Par ailleurs, des pratiques innovantes de prise en charge des délinquants devraient être généralisées et élaborées par une équipe pluridisciplinaire.

Le projet de loi de programmation prévoit également de confier les enquêtes présentencielles au secteur associatif habilité, « ce qui permettra aux conseillers d’insertion et de probation de se recentrer sur le suivi des personnes condamnées », estime le garde des Sceaux. Ce sont ainsi 130 emplois de conseillers qui pourront être redéployés.

Pour assurer l’efficacité de la prévention de la récidive, certaines mesures du récent rapport des inspections générales des finances et des services judiciaires sur l’organisation et le fonctionnement des SPIP devraient être mises en œuvre (3). Michel Mercier a indiqué que seront ainsi élaborés un référentiel d’activité afin de préciser les missions de ces services, un organigramme de référence et des indicateurs fiables de mesure de la charge de travail et des résultats. Il a en outre précisé que les SPIP pourraient bientôt bénéficier du renfort d’équipes mobiles (88 emplois supplémentaires d’ici à 2013) en cas de pic d’activité et qu’il introduirait « plus de souplesse dans la gestion des effectifs [des services] ». Cette réorganisation des SPIP s’accompagnera de la création de 103 emplois de psychologues, a précisé le ministre.

Assurer l’exécution des peines

Selon la chancellerie, 85 000 peines étaient en attente d’exécution en juin dernier. Afin de remédier à cette situation, le projet de loi de programmation prévoit de renforcer les services de l’application et de l’exécution des peines, en créant 120 postes de magistrats et 89 emplois de greffiers.

Le ministre de la Justice a en outre rappelé qu’un bureau d’exécution des peines doit être implanté dans toutes les juridictions.
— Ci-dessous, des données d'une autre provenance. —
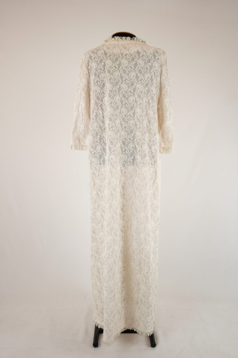 agosto 31, 2025 by Michelle Araujo Leia Mais...Vestido penhoar, tecido base rosa com renda branca por toda superfície. Fechamento em botão de pressão. Aplicação de rosas em cetim cor de rosa. Manga 3/4, longa possui...

Pour cela, 15,4 millions d’euros ont été programmés en loi de finances pour 2012 et devront notamment permettre de recruter 207 emplois supplémentaires de greffiers et de fonctionnaires.

Augmenter la capacité du parc pénitentiaire

Selon les vœux de Nicolas Sarkozy, 30 000 places de prison supplémentaires devraient être ouvertes d’ici à 2017, portant leur nombre total à 80 000. Et, dans ce cadre, des structures spécifiques pour les personnes condamnées à de courtes peines (4) – actuellement hébergées dans des maisons d’arrêt et confrontées à des codétenus aux profils parfois différents – seront construites. Au final, cela implique de revoir la classification des établissements pénitentiaires. Aujourd’hui, le code de procédure pénale distingue les maisons d’arrêt des établissements pénitentiaires (centres de détention et maisons centrales). Le projet de loi de programmation propose donc une nouvelle typologie, pour parler d’établissements à sécurité renforcée, normale, adaptée et allégée. Pour le garde des Sceaux, « cette nouvelle classification favorisera la différenciation des régimes et l’élaboration de parcours d’exécution des peines pour chaque condamné », telles que prévues par la loi pénitentiaire du 24 novembre 2009 (5).

Notes

(1) Voir ASH n° 2724 du 16-09-11, p. 17.

(2) Voir ASH n° 2733 du 18-11-11, p. 16.

(3) Voir ASH n° 2733 du 18-11-11, p. 15.

(4) Selon le garde des Sceaux, 50 % des peines en attente d’exécution sont inférieures ou égales à trois mois.

(5) Voir ASH n° 2682 du 12-11-10, p. 43.